▶ [PROVIDED MATERIAL]
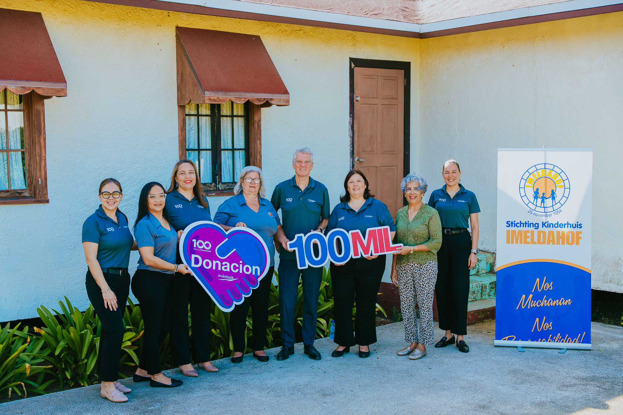 ORANJESTAD — Aruba Bank heeft vrijdag bekendgemaakt een donatie van 100.000 Arubaanse florin te doen aan Stichting Kinderhuis Imeldahof. De schenking maakt deel uit van het jubileumprogramma 100 Years Legacy Project, in het kader van het 100-jarig bestaan van de bank.
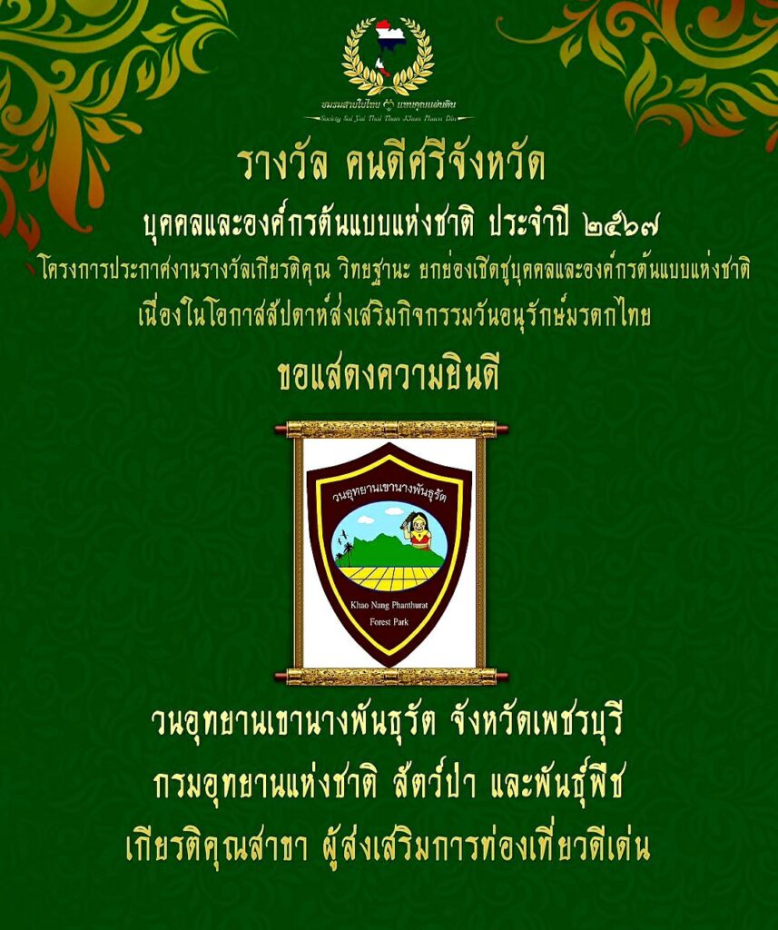 วนอุทยานเขานางพันธุรัต คว้ารางวัล ‘’คนดีศรีจังหวัด สาขา ผู้ส่งเสริมการท่องเที่ยวดีเด่น”
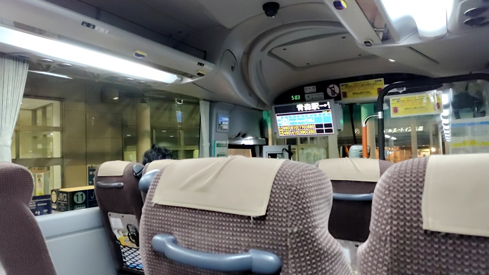 青森空港に着いたら、青森市内方面の空港バスに乗り換えます。終点の青森駅までの運賃は片道980円で、現金のほか各種交通系ICカードが利用可能です。
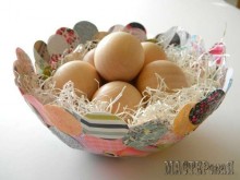 Когда кружков уже достаточно, оставляем вазу до полного высыхания.Затем осторожно снимаем её с формы, удаляем пакет. Пасхальная вазочка готова. Можно для прочности покрыть её лаком.
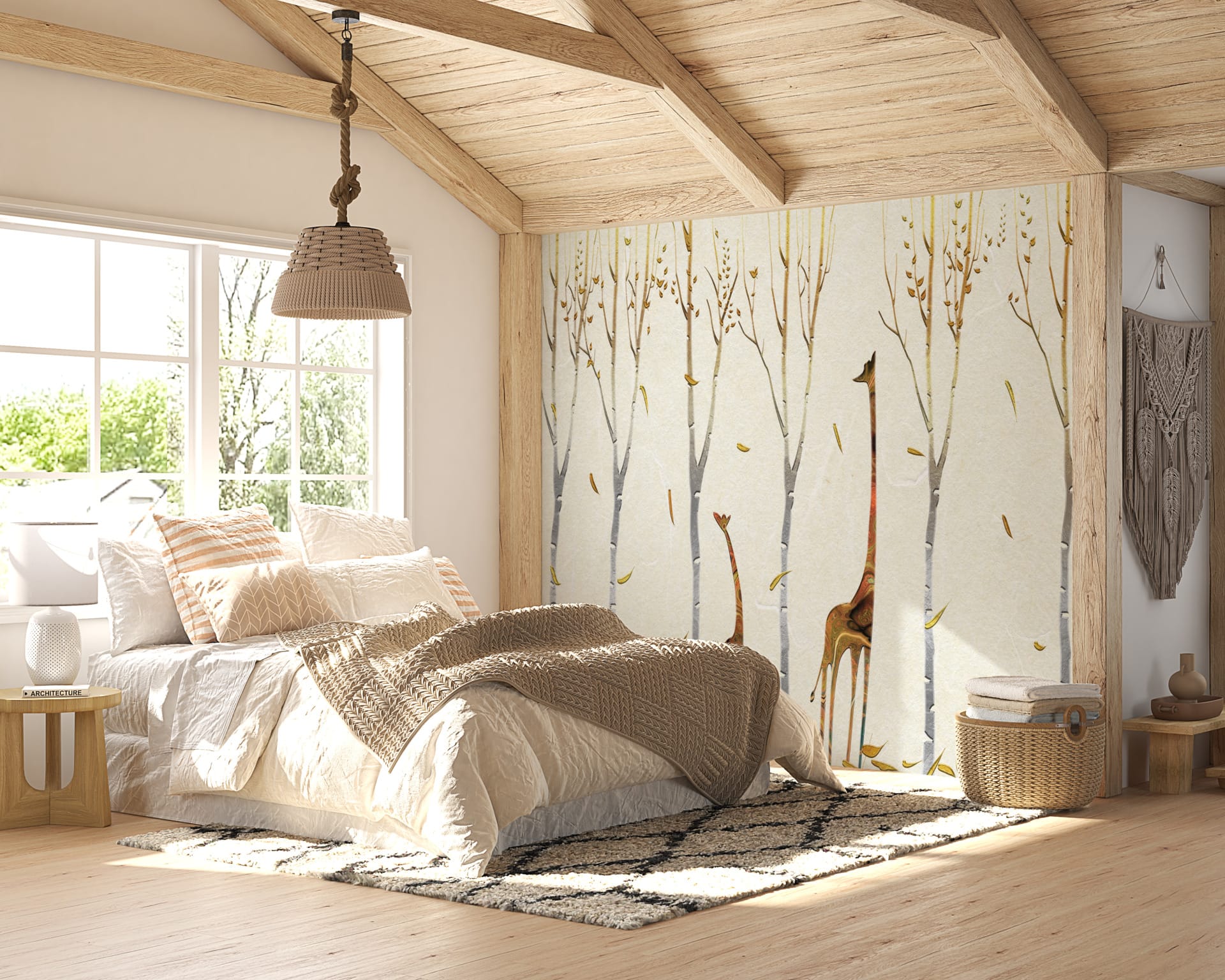 Pestrobarevné nástěnné malby Žirafy mezi stromy - hlavní obrázek produktu
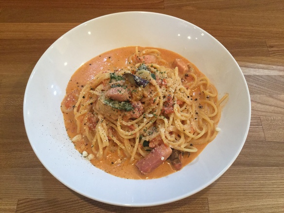 本日、9(金)の日替りランチパスタは、厚切りベーコンのトマトクリームパスタです!!
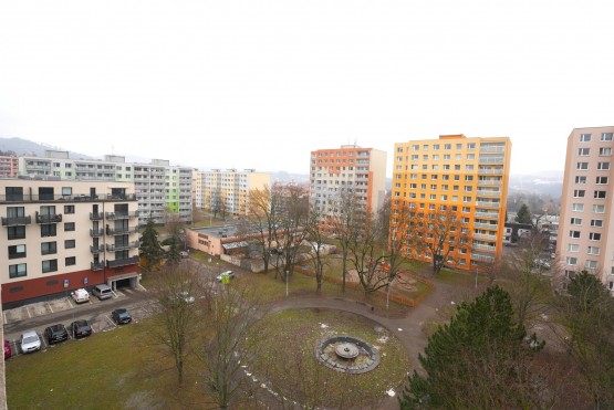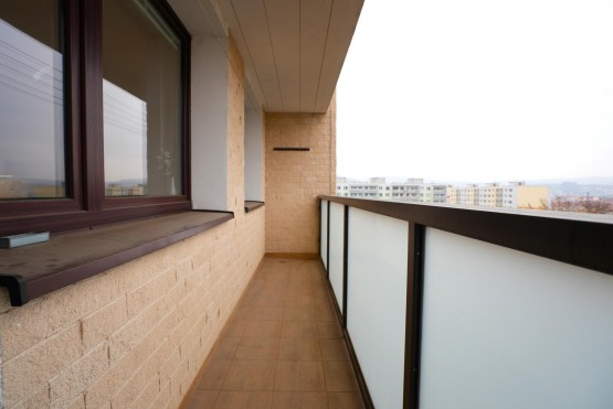 Byt se nachází v 7. patře z 11 zrekonstruovaného panelového domu se dvěma výtahy. Na patře je uzamykatelná společná chodba pro tři byty, což zvyšuje soukromí i bezpečí. K bytu náleží sklepní kóje (cca 1 m2).
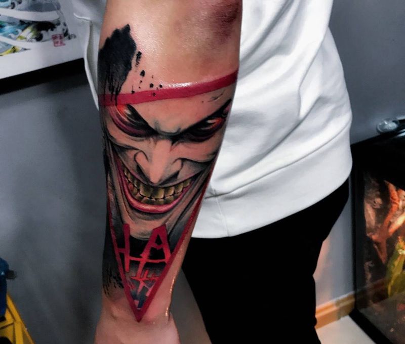 当前位置: 首页 >浙江省宁波市纹身店-无风格纹身工作室纹身图案>遮盖作品小丑纹身图片_成品手部欧美纹身图案

▶ [TASK ITEM]
Copy out only the lines beginning at the line with "Когда кружков уже" and ending at the last line of the entries. Keep them exact; drop pictures.

▶ [THE ANSWER]
 Когда кружков уже достаточно, оставляем вазу до полного высыхания.Затем осторожно снимаем её с формы, удаляем пакет. Пасхальная вазочка готова. Можно для прочности покрыть её лаком.
 Pestrobarevné nástěnné malby Žirafy mezi stromy - hlavní obrázek produktu
 本日、9(金)の日替りランチパスタは、厚切りベーコンのトマトクリームパスタです!!
 Byt se nachází v 7. patře z 11 zrekonstruovaného panelového domu se dvěma výtahy. Na patře je uzamykatelná společná chodba pro tři byty, což zvyšuje soukromí i bezpečí. K bytu náleží sklepní kóje (cca 1 m2).
 当前位置: 首页 >浙江省宁波市纹身店-无风格纹身工作室纹身图案>遮盖作品小丑纹身图片_成品手部欧美纹身图案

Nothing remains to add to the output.